How do you evaluate limit of $\frac{\sqrt{a+x} - \sqrt a}{x\sqrt a(\sqrt{a+x})}$ when $x$ tends to $0$?

Question

I tried rationalization method where we multiply both the numerator and denominator with appropriate opposite factor of numerator. But I could only get $\frac{1}{\sqrt {a^2+ax}(2 \sqrt {a + \sqrt x)}}$. But the final solution in textbook says it should be $\frac{1}{2a^{3/2}}$. Please help.

Answer 1

\begin{align}\lim_{x \to 0}\frac{\sqrt{a+x}-\sqrt{a}}{x\sqrt{a}\sqrt{a+x}} &= \lim_{x \to 0}\frac{a+x-a}{x\sqrt{a}\sqrt{a+x}(\sqrt{a+x}+\sqrt{a})}\\&=\lim_{x\to 0}\frac{1}{\sqrt{a}\sqrt{a+x}(\sqrt{a+x}+\sqrt{a})}\\ &= \frac{1}{\sqrt{a}\sqrt{a}(2\sqrt{a})}\\ &=\frac{1}{2a^\frac32}\end{align}

Answer 2

Another solution.
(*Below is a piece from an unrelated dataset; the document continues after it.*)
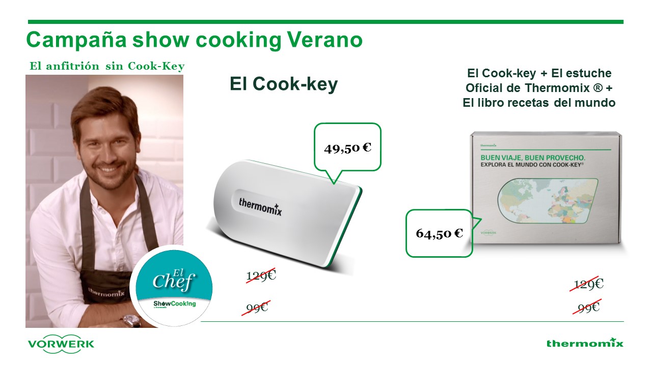 Y aun no tienes el cook-key pues es tu momento. Solo por breve tiempo los agentes comerciales cuando nos preparáis un show cooking .Además de aprender maravillosa recetas con dos o tres amigas te regalaremos una tarjeta descuento para ayudaros a tenerlo por solo 49 .50 o 64,50 (cook .key con estuche y libro de recetas del mundo) normalmente vale 129 o 99 . según el caso. Pinsa en tres amigas que quieran pasar un buen rato y ponte en contacto Y DISFRUTA DE TU COOK-KEY

Put $$ f(x)=\sqrt{x+a}\implies f'(x)=\frac{1}{2\sqrt{x+a}}. $$ by the chain rule. Then the limit can be expressed as $$ \frac{1}{\sqrt{a}}\lim_{x\to 0}\frac{f(x)-f(0)}{x}\times \lim_{x\to 0}\frac{1}{f(x)}=\frac{1}{\sqrt{a}}f'(0)\times \frac{1}{f(0)}=\frac{1}{2a^{3/2}}. $$

Answer 3

Easier solution: Write $y=\sqrt{x+a}$ and $b=\sqrt{a}$, then

\begin{align}\lim_{x \to 0}\frac{\sqrt{a+x}-\sqrt{a}}{x\sqrt{a}\sqrt{a+x}} &= \lim_{y \to b}\frac{y-b}{by(y^2-b^2)}\\&=\lim_{y \to b}\frac{1}{by(y+b)}\\ &= \frac{1}{2b^3}=\frac{1}{2a\sqrt{a}}\end{align}